> _Exercise details_:
In the copy, include no pictures. Reproduce the rest of the entries exactly.

[Stored data]
◆ ◆ ◆

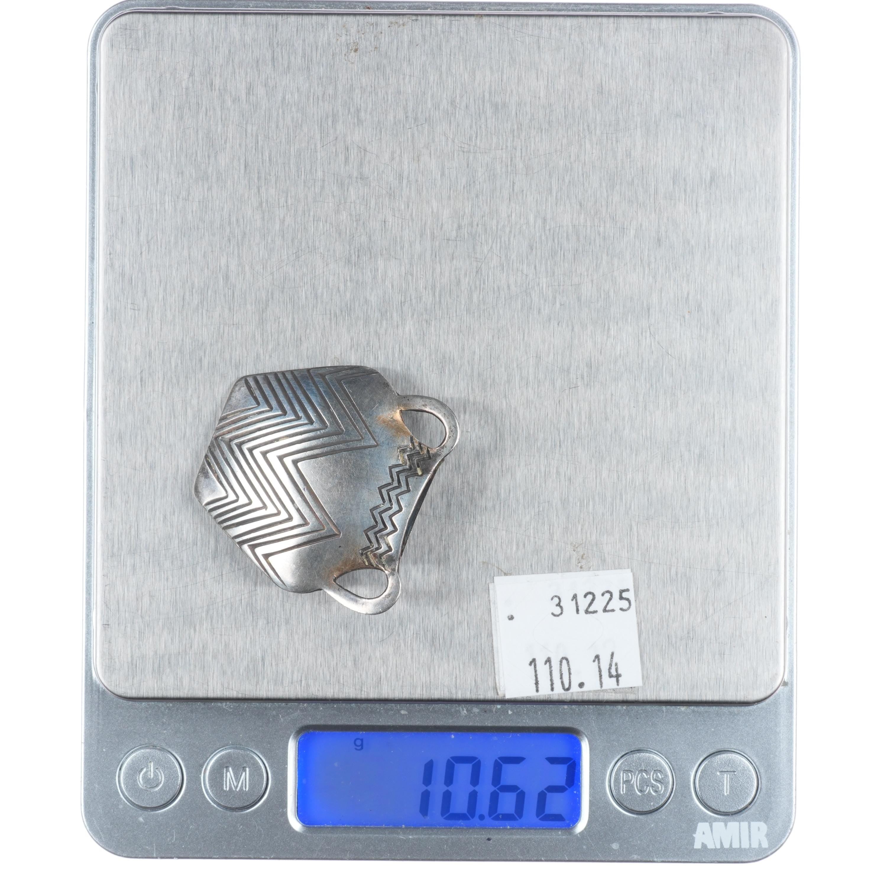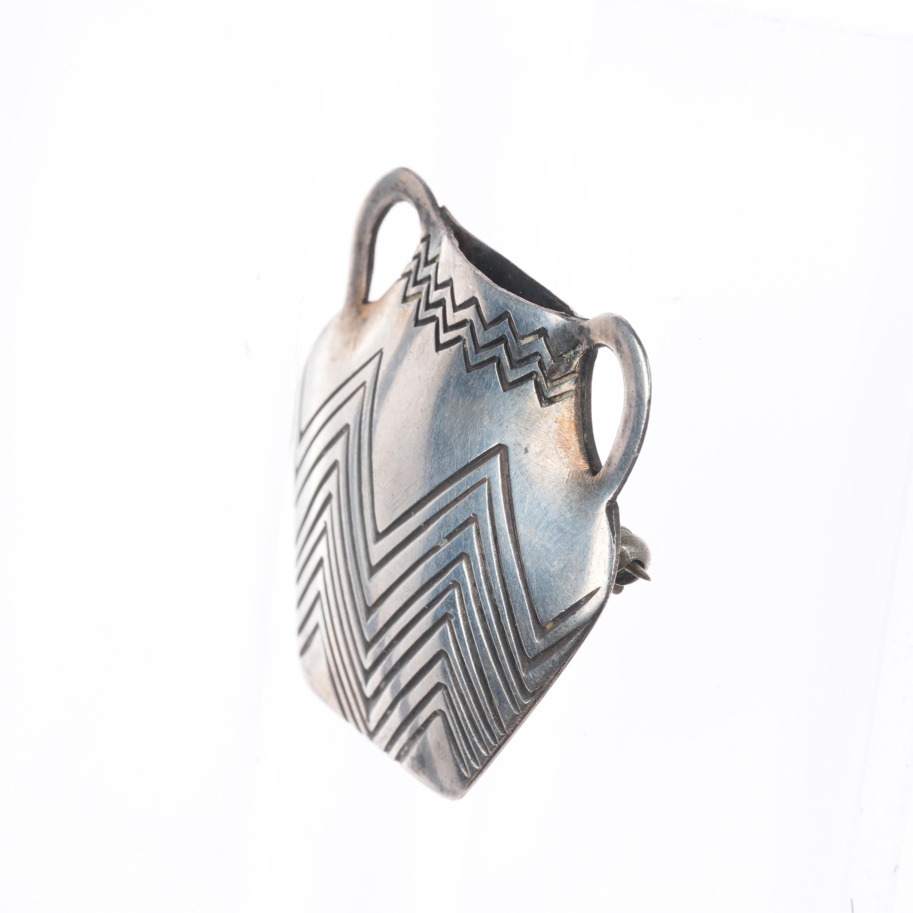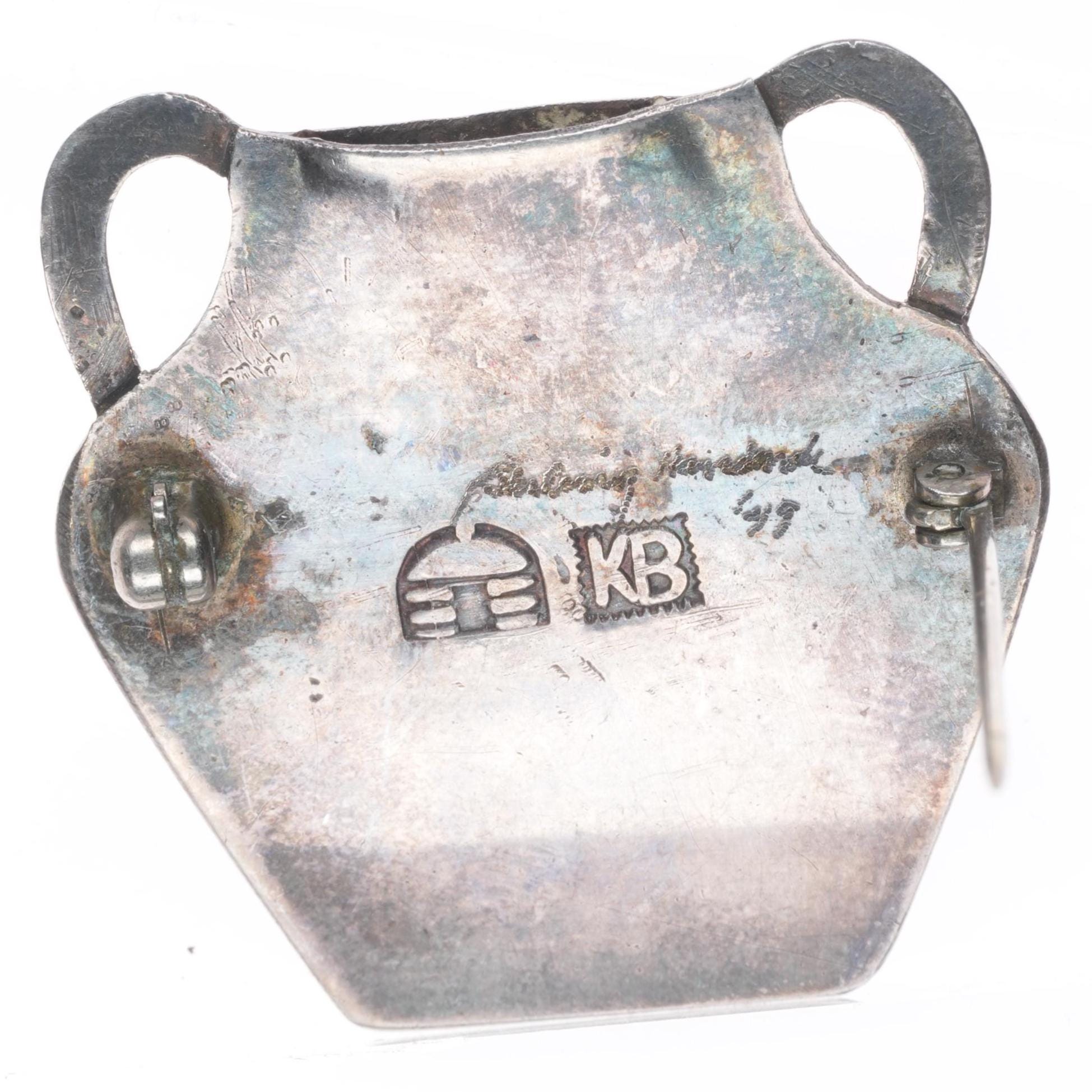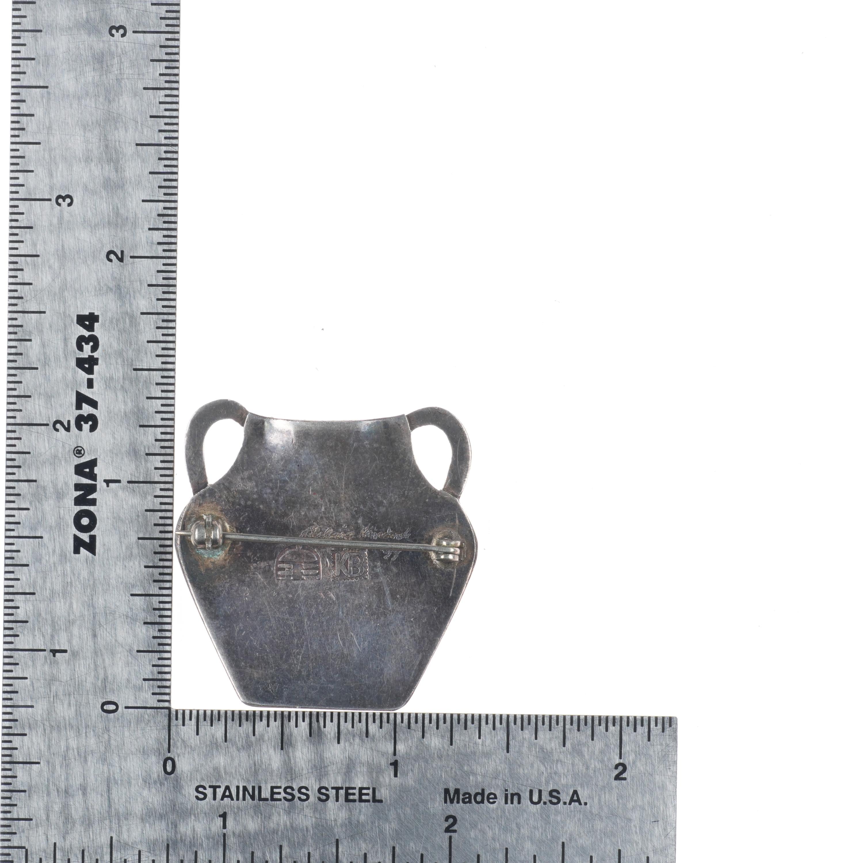 1949 Kenneth Begay Navajo sterling silver olla flower holder vase brooch/pin
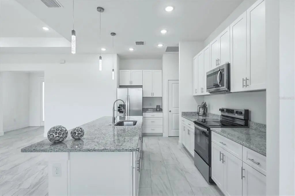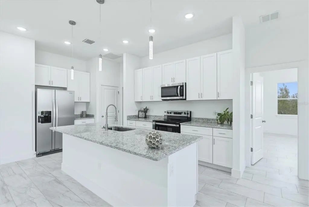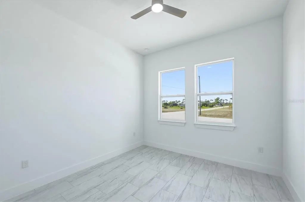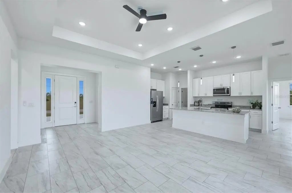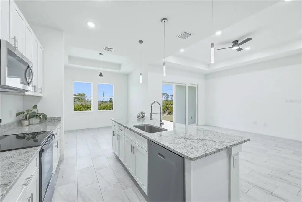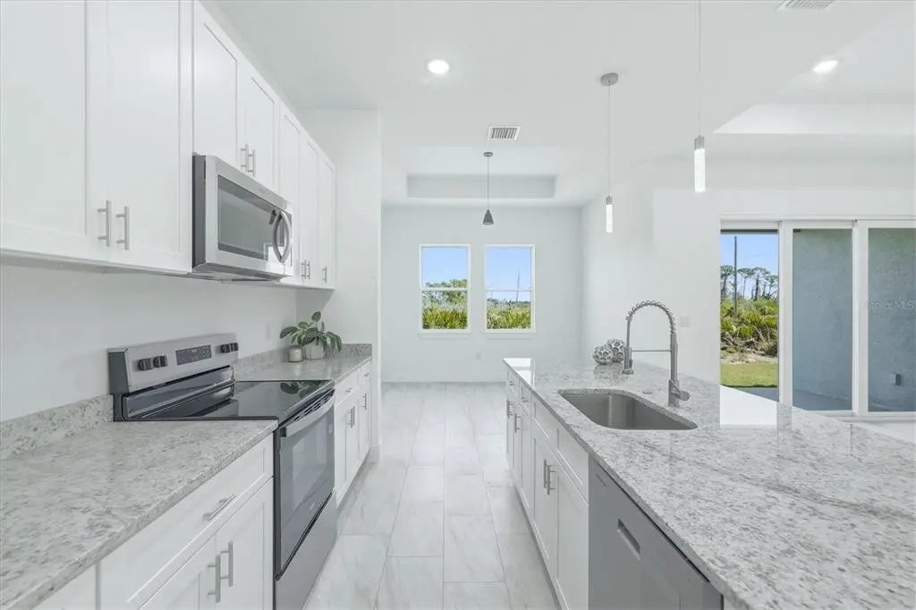 Step into modern Florida living with this brand-new 4-bedroom, 2-bath, 2-car garage home offering 1,855 sq ft of bright, open, thoughtfully designed space in the highly loved Rotonda Sands community. Built in 2026, this home blends quality craftsmanship with clean, contemporary style. Inside, you’ll find all-tile flooring throughout, stone counters, and soft-close cabinetry. The kitchen features all-new stainless appliances, and the home even includes an interior laundry with cabinets and a washer and dryer—truly move-in ready. High ceilings, gracious front entry, and abundant natural light create an inviting, airy feel from the moment you walk in. Both bathrooms are beautifully appointed with double-sink vanities, and the split floor plan offers privacy and functionality. Storage is abundant, with multiple closets throughout and a huge walk-in closet in the primary suite. Every window and door is impact-rated, giving you peace of mind year-round. Enjoy outdoor living with a covered front porch and a covered back patio, perfect for relaxing or entertaining. The backyard offers ample space to add a pool, giving you room to expand your Florida lifestyle exactly the way you want it. Located in a quiet, well-kept neighborhood, this home is just minutes from Gulf beaches, boating, shopping, and dining. Rotonda Sands is known for its friendly atmosphere, public water and sewer, low annual HOA fee, and moderate deed restrictions that help maintain the community’s charm without being overbearing. Whether you’re looking for a full-time residence, seasonal escape, or a strong rental investment, this home checks every box. Priced to sell and ready for its first owner.
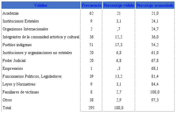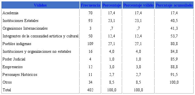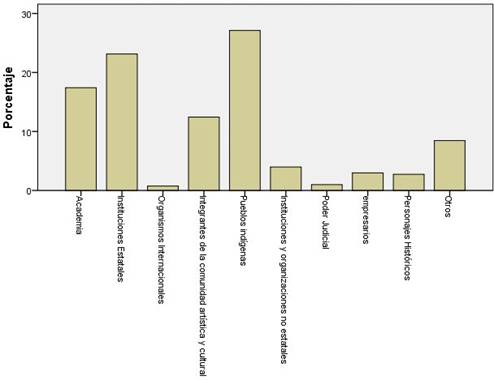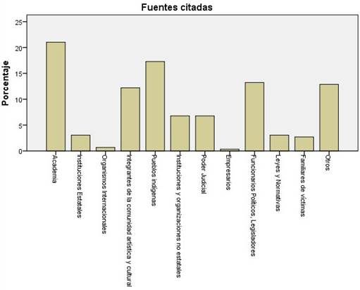 En aquellos casos donde fue posible computar las fuentes de la información, las más consultadas fueron las “académicas” (21%), es decir aquellas que fundamentan su inclusión desde el conocimiento científico o experto sobre una temática particular. En segundo término, se encontraron las voces de los pueblos indígenas (17,3%) quienes generalmente manifiestan sus problemáticas, demandas, preocupaciones, saberes, tradiciones culturales. En tercer lugar, se hallaron las fuentes institucionales del Estado (13,2%), representadas en el discurso de funcionarios y legisladores. Finalmente, los artistas y representantes del ámbito cultural (12,2%) que al expresar solidaridad a las luchas del movimiento indígena en Argentina poseen un lugar recurrente en la agenda mediática (ver tabla 4 y figura 3).
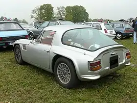 In mid-1969, to provide a car at an intermediate level of performance, TVR released the Tuscan V6.[4] Equipped with a 2994 cc OHV Ford Essex V6 motor, which came from Ford's British division (also used in the Ford Zodiac Mk IV and Ford Capri). The brakes were changed from the V8 model, as only the front used discs, and the rear had drum brakes.[5] The V6 model was also narrower, using the same bodyshell as the TVR Vixen but with provision of an access panel above the rear differential, and a round tubular frame chassis similar to the TVR Vixen but with some upgrades. It did, however, receive the same Salisbury differential as the Tuscan V8.[4] The 3.0 L V6 powerplant produced 138 hp, and 182 lb/ft of torque equipped with a twin choke synchronous Weber 40DFAV carburetor and the car was able to reach speeds of 125 mph. At the time it was offered for sale, the Essex V6 did not meet emissions requirements in the United States, so the Tuscan V6 was not exported there although at least one car was sent into the US masquerading as a TVR Vixen.[3] Most of the cars produced were right-hand-drive, for the home market.[6] There were a total of 101 V6 cars produced including a prototype before the line was stopped altogether to make way for its successor, the TVR Vixen 2500.
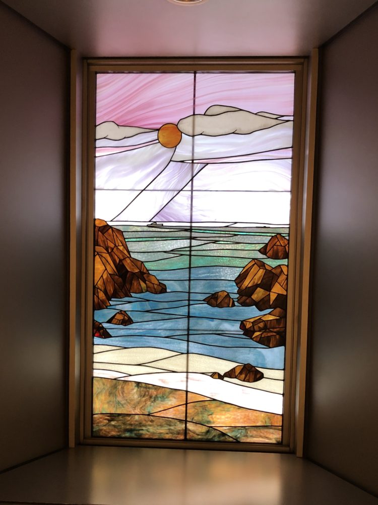 製作は、パブリックアートで有名なクレアーレ熱海ゆがわら工房。青森空港の大型ステンドグラス「青の森 へ」を手がけた工房です。
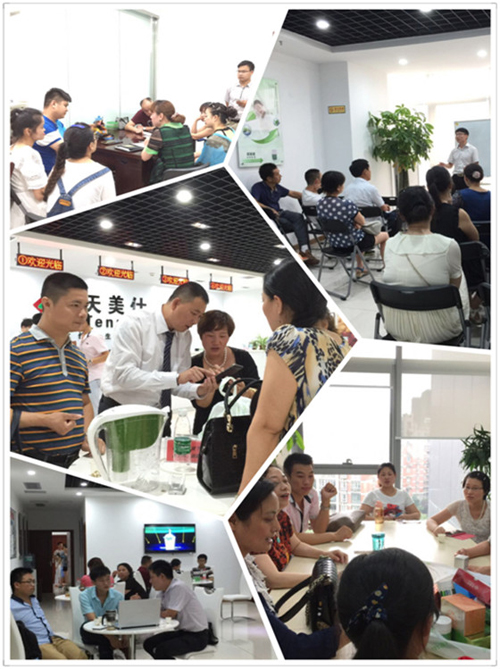 在王经理分享之后邀请了优秀的市场伙伴:曾庆平、张泷匀上台分享他们的成功经历以及在天美仕学到的知识与收获的感动。

◆ ◆ ◆

> _Solution to this exercise_:
 1949 Kenneth Begay Navajo sterling silver olla flower holder vase brooch/pin
 Step into modern Florida living with this brand-new 4-bedroom, 2-bath, 2-car garage home offering 1,855 sq ft of bright, open, thoughtfully designed space in the highly loved Rotonda Sands community. Built in 2026, this home blends quality craftsmanship with clean, contemporary style. Inside, you’ll find all-tile flooring throughout, stone counters, and soft-close cabinetry. The kitchen features all-new stainless appliances, and the home even includes an interior laundry with cabinets and a washer and dryer—truly move-in ready. High ceilings, gracious front entry, and abundant natural light create an inviting, airy feel from the moment you walk in. Both bathrooms are beautifully appointed with double-sink vanities, and the split floor plan offers privacy and functionality. Storage is abundant, with multiple closets throughout and a huge walk-in closet in the primary suite. Every window and door is impact-rated, giving you peace of mind year-round. Enjoy outdoor living with a covered front porch and a covered back patio, perfect for relaxing or entertaining. The backyard offers ample space to add a pool, giving you room to expand your Florida lifestyle exactly the way you want it. Located in a quiet, well-kept neighborhood, this home is just minutes from Gulf beaches, boating, shopping, and dining. Rotonda Sands is known for its friendly atmosphere, public water and sewer, low annual HOA fee, and moderate deed restrictions that help maintain the community’s charm without being overbearing. Whether you’re looking for a full-time residence, seasonal escape, or a strong rental investment, this home checks every box. Priced to sell and ready for its first owner.
 En aquellos casos donde fue posible computar las fuentes de la información, las más consultadas fueron las “académicas” (21%), es decir aquellas que fundamentan su inclusión desde el conocimiento científico o experto sobre una temática particular. En segundo término, se encontraron las voces de los pueblos indígenas (17,3%) quienes generalmente manifiestan sus problemáticas, demandas, preocupaciones, saberes, tradiciones culturales. En tercer lugar, se hallaron las fuentes institucionales del Estado (13,2%), representadas en el discurso de funcionarios y legisladores. Finalmente, los artistas y representantes del ámbito cultural (12,2%) que al expresar solidaridad a las luchas del movimiento indígena en Argentina poseen un lugar recurrente en la agenda mediática (ver tabla 4 y figura 3).
 In mid-1969, to provide a car at an intermediate level of performance, TVR released the Tuscan V6.[4] Equipped with a 2994 cc OHV Ford Essex V6 motor, which came from Ford's British division (also used in the Ford Zodiac Mk IV and Ford Capri). The brakes were changed from the V8 model, as only the front used discs, and the rear had drum brakes.[5] The V6 model was also narrower, using the same bodyshell as the TVR Vixen but with provision of an access panel above the rear differential, and a round tubular frame chassis similar to the TVR Vixen but with some upgrades. It did, however, receive the same Salisbury differential as the Tuscan V8.[4] The 3.0 L V6 powerplant produced 138 hp, and 182 lb/ft of torque equipped with a twin choke synchronous Weber 40DFAV carburetor and the car was able to reach speeds of 125 mph. At the time it was offered for sale, the Essex V6 did not meet emissions requirements in the United States, so the Tuscan V6 was not exported there although at least one car was sent into the US masquerading as a TVR Vixen.[3] Most of the cars produced were right-hand-drive, for the home market.[6] There were a total of 101 V6 cars produced including a prototype before the line was stopped altogether to make way for its successor, the TVR Vixen 2500.
 製作は、パブリックアートで有名なクレアーレ熱海ゆがわら工房。青森空港の大型ステンドグラス「青の森 へ」を手がけた工房です。
 在王经理分享之后邀请了优秀的市场伙伴:曾庆平、张泷匀上台分享他们的成功经历以及在天美仕学到的知识与收获的感动。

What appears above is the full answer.